(Extracted data entries)
*** Block opens ***
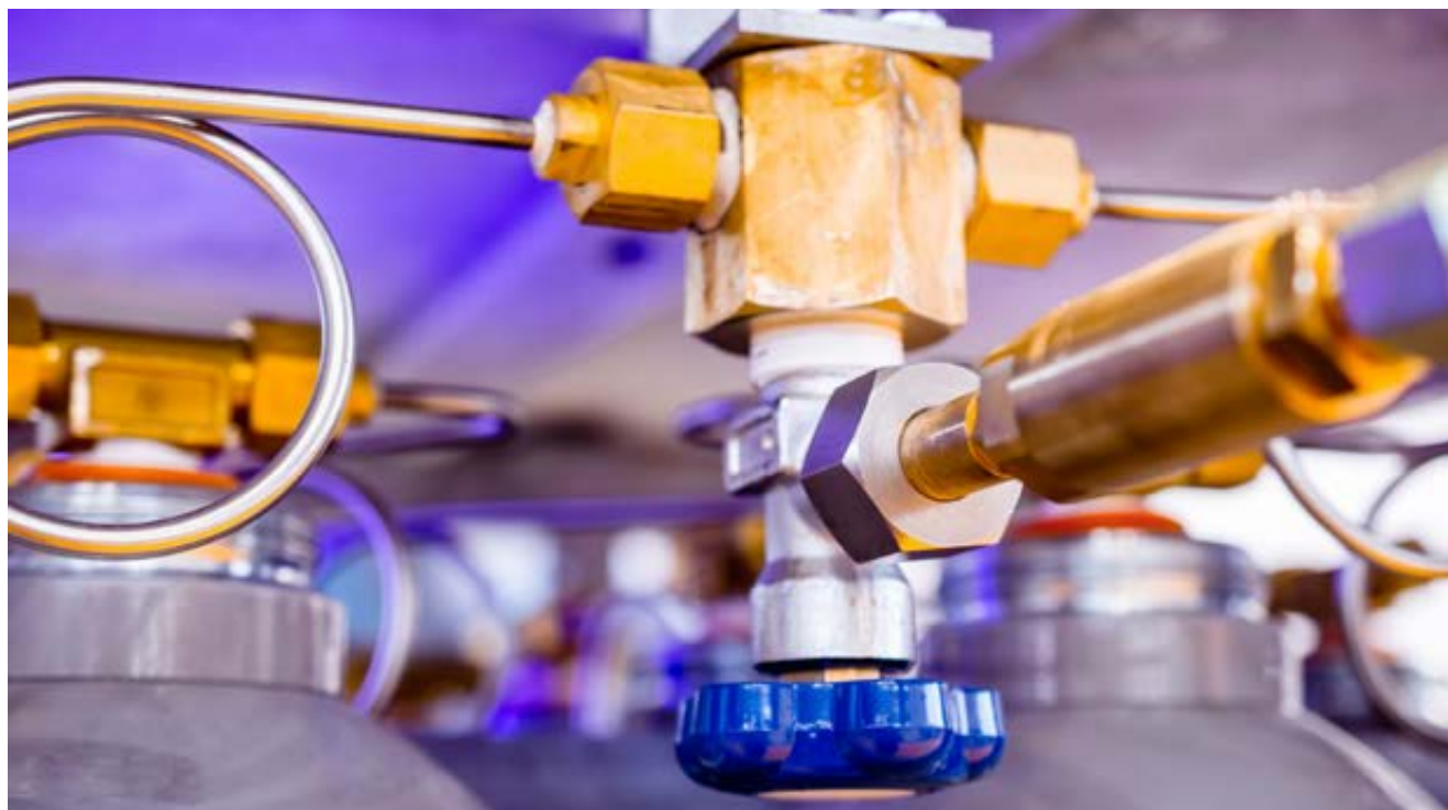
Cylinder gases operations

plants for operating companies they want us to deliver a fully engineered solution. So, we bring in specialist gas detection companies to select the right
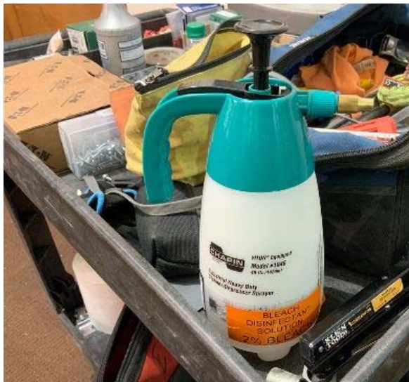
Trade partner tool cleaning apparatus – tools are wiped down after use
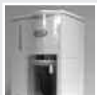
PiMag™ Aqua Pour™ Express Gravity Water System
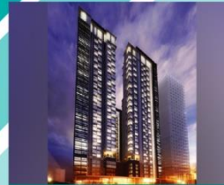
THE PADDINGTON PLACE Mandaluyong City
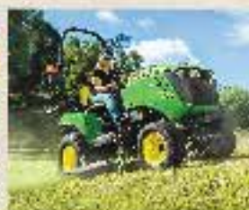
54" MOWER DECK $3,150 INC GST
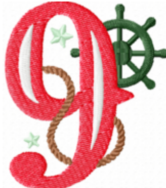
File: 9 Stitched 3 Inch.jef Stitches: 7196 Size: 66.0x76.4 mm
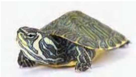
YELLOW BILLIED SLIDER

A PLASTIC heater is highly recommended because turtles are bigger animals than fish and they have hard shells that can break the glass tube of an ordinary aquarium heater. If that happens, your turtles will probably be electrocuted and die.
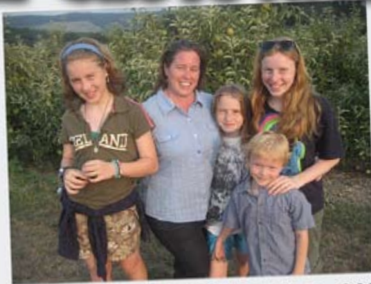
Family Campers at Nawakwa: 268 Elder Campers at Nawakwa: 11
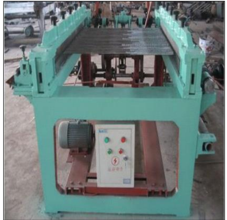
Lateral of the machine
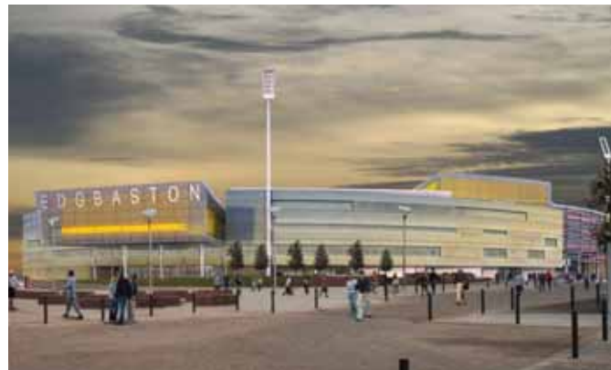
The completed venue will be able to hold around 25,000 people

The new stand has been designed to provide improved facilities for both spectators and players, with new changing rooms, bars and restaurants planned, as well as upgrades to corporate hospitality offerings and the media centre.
*** Block closes ***
*** Block opens ***
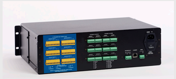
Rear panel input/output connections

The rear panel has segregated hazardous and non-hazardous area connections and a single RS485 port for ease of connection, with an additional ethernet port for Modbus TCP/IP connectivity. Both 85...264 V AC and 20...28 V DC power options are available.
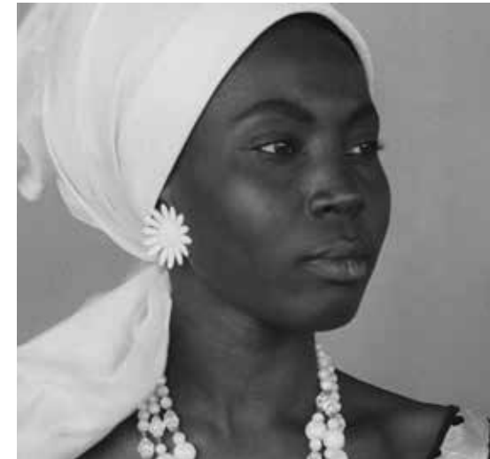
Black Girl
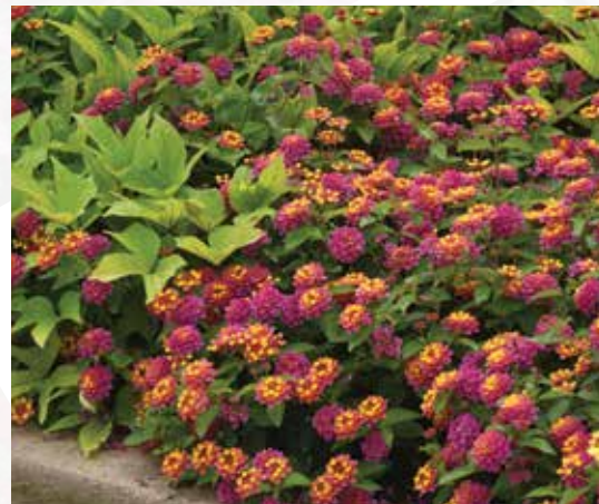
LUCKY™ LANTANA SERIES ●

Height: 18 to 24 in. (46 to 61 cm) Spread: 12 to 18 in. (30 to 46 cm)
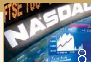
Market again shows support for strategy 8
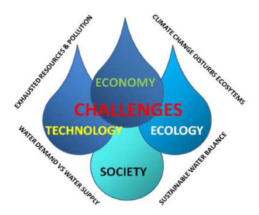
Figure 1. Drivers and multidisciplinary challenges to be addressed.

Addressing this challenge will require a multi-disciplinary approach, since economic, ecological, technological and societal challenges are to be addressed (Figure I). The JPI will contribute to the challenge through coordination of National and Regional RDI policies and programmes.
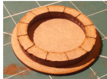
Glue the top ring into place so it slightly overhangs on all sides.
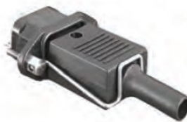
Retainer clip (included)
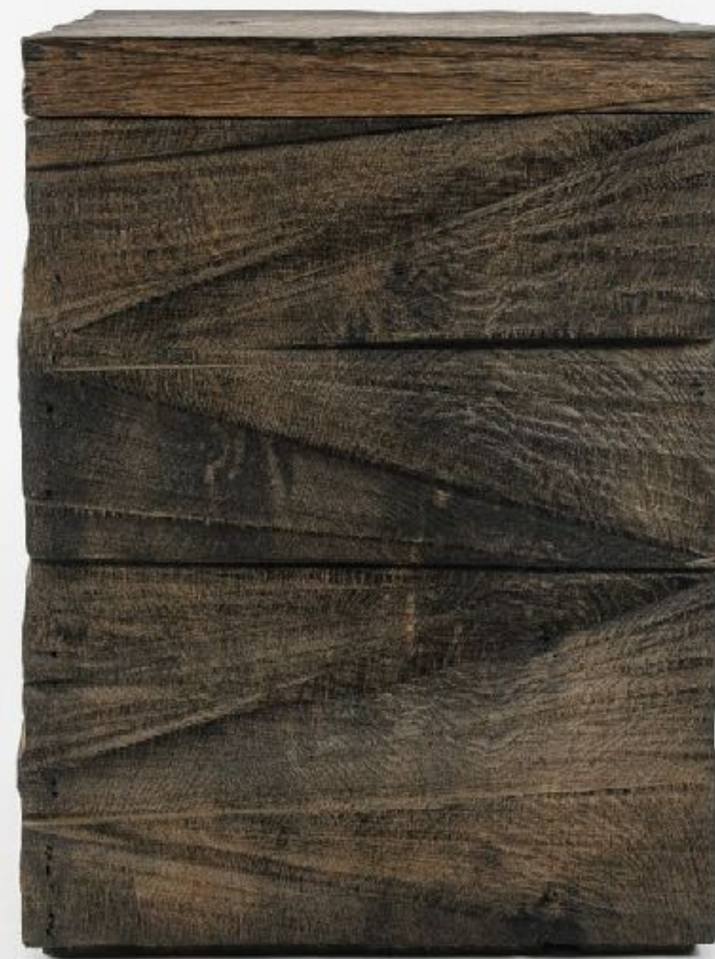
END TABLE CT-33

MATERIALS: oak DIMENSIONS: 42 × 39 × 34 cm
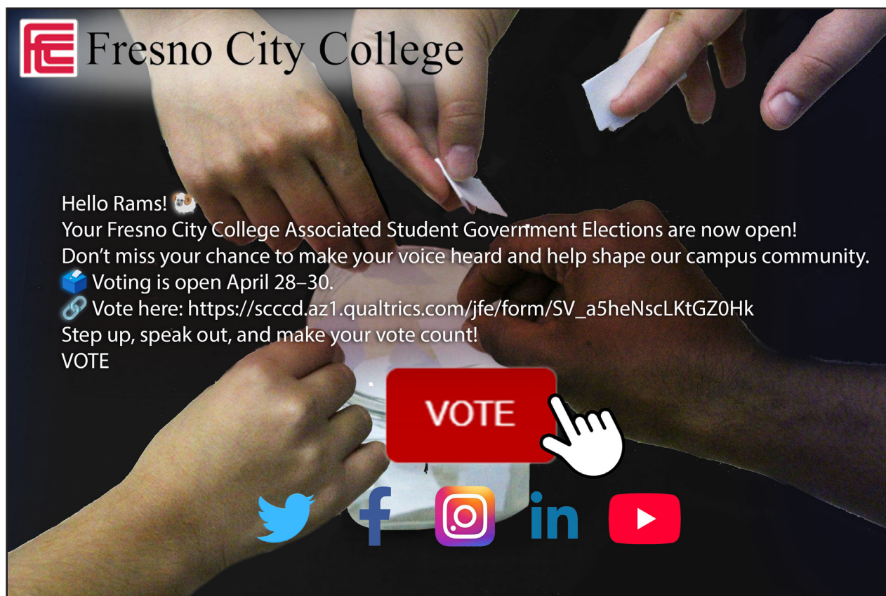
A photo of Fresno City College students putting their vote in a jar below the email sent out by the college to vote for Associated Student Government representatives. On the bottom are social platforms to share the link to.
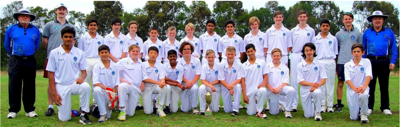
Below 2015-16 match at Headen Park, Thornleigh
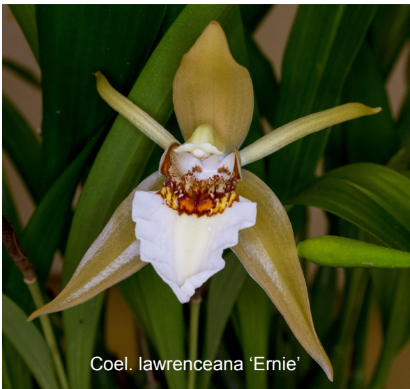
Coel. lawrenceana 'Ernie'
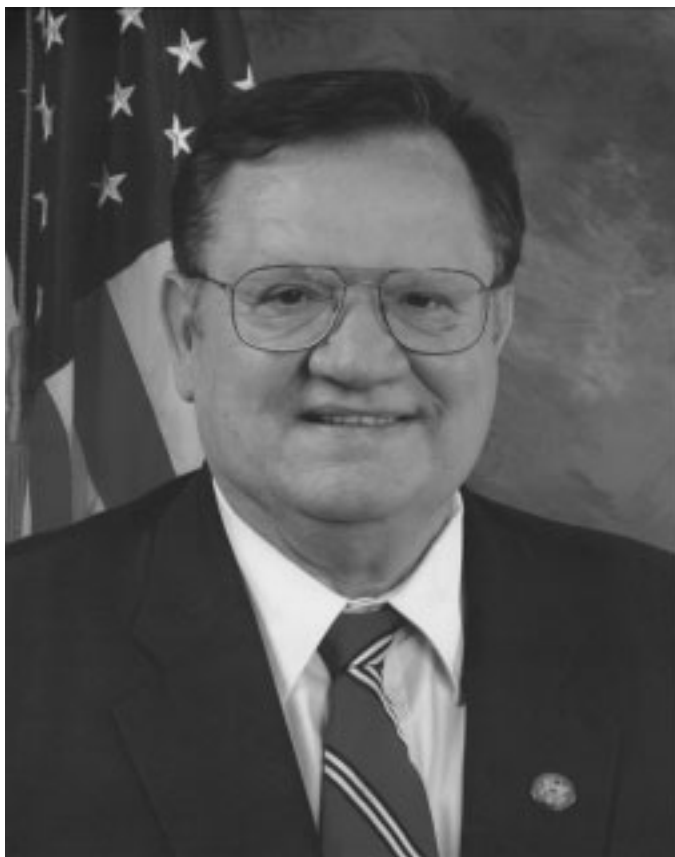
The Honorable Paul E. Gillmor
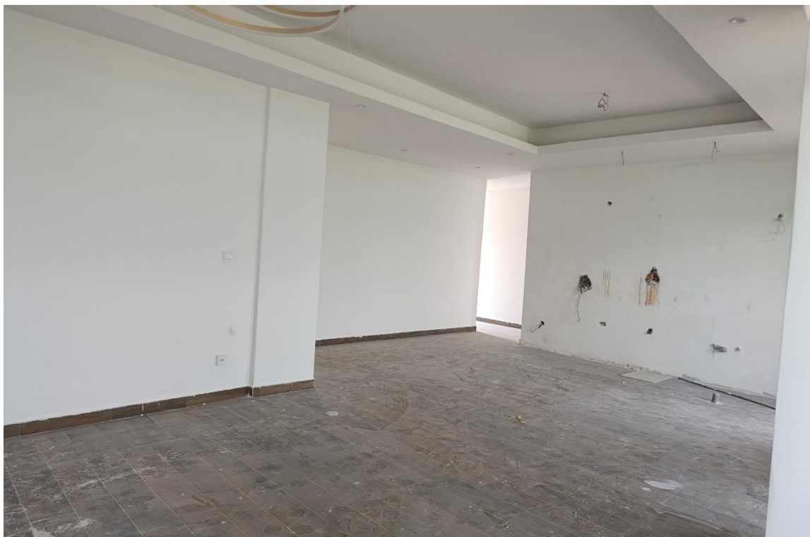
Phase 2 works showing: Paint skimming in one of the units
*** Block closes ***
*** Block opens ***
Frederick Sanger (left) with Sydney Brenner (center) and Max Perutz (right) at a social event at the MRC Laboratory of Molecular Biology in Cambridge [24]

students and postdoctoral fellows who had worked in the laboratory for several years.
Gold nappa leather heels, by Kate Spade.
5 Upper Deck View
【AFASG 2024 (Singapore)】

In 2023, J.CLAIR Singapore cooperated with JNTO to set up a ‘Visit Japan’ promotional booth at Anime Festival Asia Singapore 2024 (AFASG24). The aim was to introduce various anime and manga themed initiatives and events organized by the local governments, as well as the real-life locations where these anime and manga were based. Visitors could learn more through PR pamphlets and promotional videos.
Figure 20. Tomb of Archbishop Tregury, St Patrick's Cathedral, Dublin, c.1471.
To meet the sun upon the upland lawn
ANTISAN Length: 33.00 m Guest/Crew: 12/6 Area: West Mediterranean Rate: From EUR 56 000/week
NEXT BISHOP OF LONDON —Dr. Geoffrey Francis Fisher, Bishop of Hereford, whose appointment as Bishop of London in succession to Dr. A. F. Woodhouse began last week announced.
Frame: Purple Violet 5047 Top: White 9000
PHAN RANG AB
*** Block closes ***
**WHAT YOU SHOULD DO:** Whenever "Figure" occurs in a line above, copy that line.

**RESULT BELOW:**
Figure 1. Drivers and multidisciplinary challenges to be addressed.
Addressing this challenge will require a multi-disciplinary approach, since economic, ecological, technological and societal challenges are to be addressed (Figure I). The JPI will contribute to the challenge through coordination of National and Regional RDI policies and programmes.
Figure 20. Tomb of Archbishop Tregury, St Patrick's Cathedral, Dublin, c.1471.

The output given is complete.